*INFORMATION SHOWN*:
▼

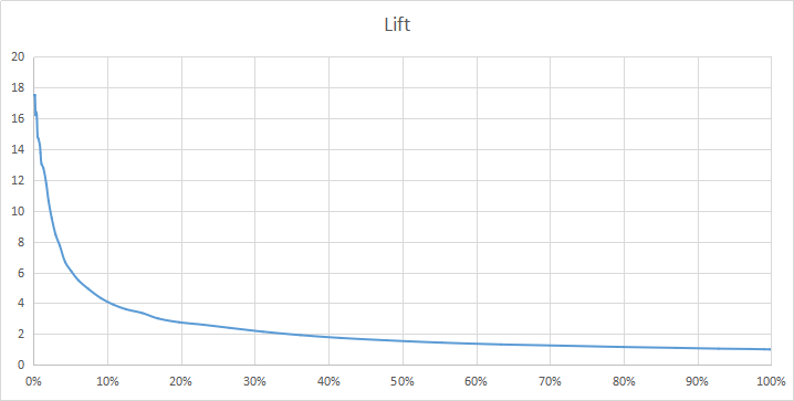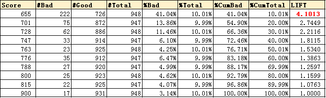 以上表为例,该模型的LIFT达到了4.1左右,是一个效果不错的模型。
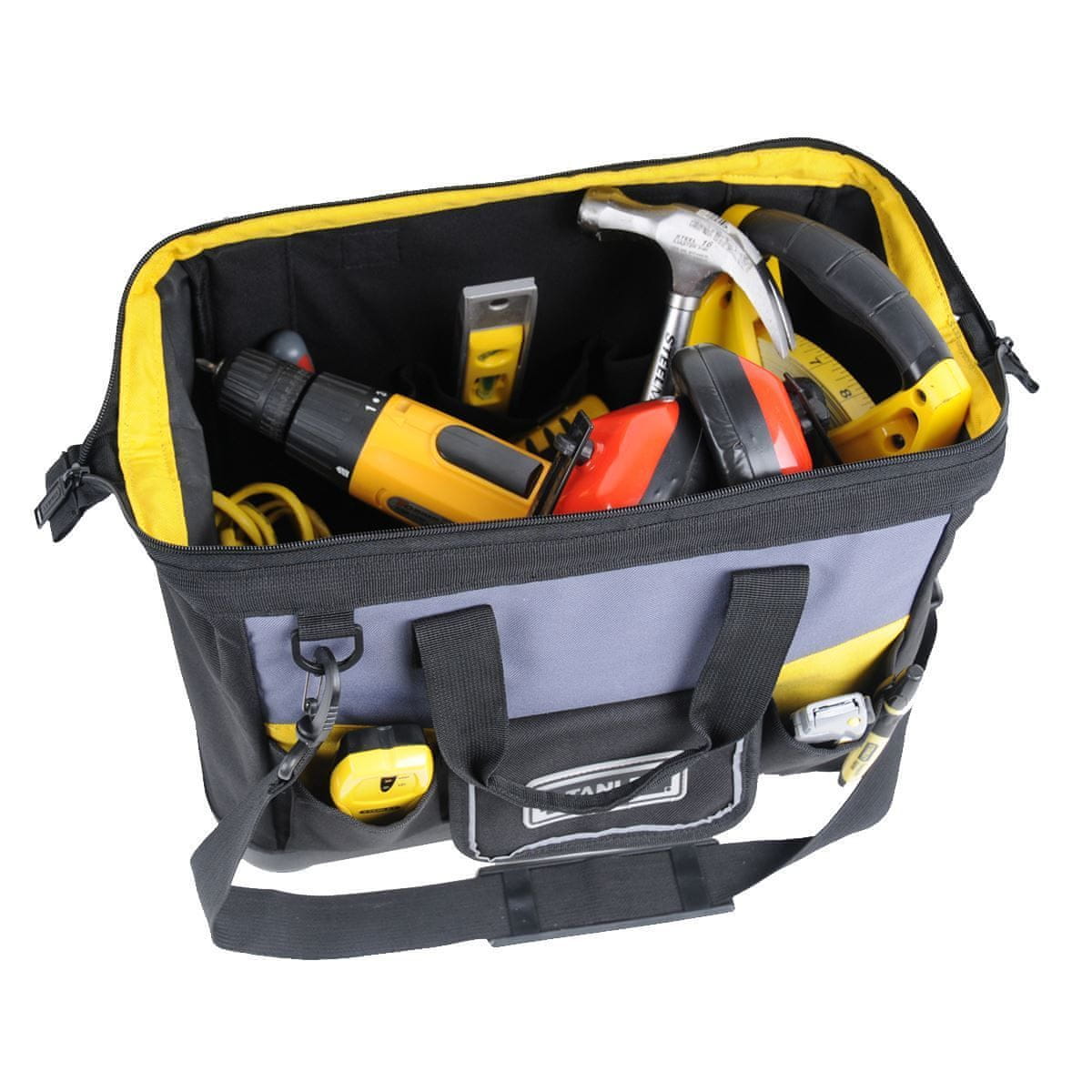 Stanley torba za orodje z zgornjim odpiranjem – 600 × 600 denski materijal za večja bremena, trpežen in vzdržljiv – Trdna oblika, ki lahko sama stoji v odprtem položaju in tako omogoča dostop do vsega orodja – Maksimalno organiziranost omogočajo številni notranji in zunanji žepi – Nastavljiv ramenski trak za lažje nošenje orodja – Sprednji pokriti žep zagotavlja varno shranjevanje majhnih delov ali osebnih predmetov – Ojačano in trpežno dno iz plastike ščiti pred mokrimi in vlažnimi površinami Prodajalec : Eprim d.o.o. Krožna cesta 10, 1230 Domžale, Slovenija E-naslov: manager@eprim.si
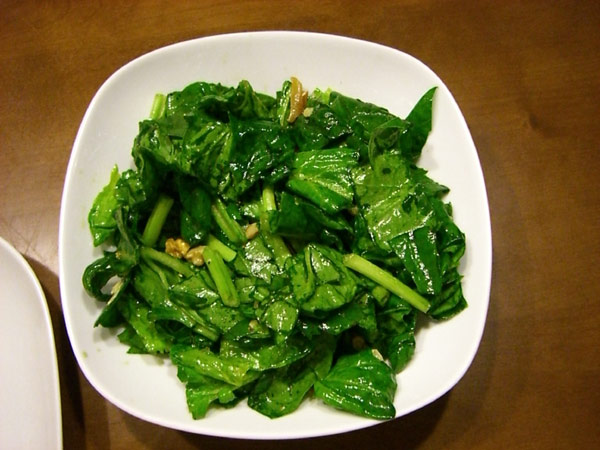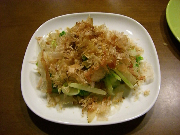 和風。軽く茹でた山東菜(べか菜)かつお節。しょうゆ味。

▲

*EXERCISE OBJECTIVE*:
Copy every line above exactly, leaving no picture in the copy.

*TASK SOLUTION*:
 以上表为例,该模型的LIFT达到了4.1左右,是一个效果不错的模型。
 Stanley torba za orodje z zgornjim odpiranjem – 600 × 600 denski materijal za večja bremena, trpežen in vzdržljiv – Trdna oblika, ki lahko sama stoji v odprtem položaju in tako omogoča dostop do vsega orodja – Maksimalno organiziranost omogočajo številni notranji in zunanji žepi – Nastavljiv ramenski trak za lažje nošenje orodja – Sprednji pokriti žep zagotavlja varno shranjevanje majhnih delov ali osebnih predmetov – Ojačano in trpežno dno iz plastike ščiti pred mokrimi in vlažnimi površinami Prodajalec : Eprim d.o.o. Krožna cesta 10, 1230 Domžale, Slovenija E-naslov: manager@eprim.si
 和風。軽く茹でた山東菜(べか菜)かつお節。しょうゆ味。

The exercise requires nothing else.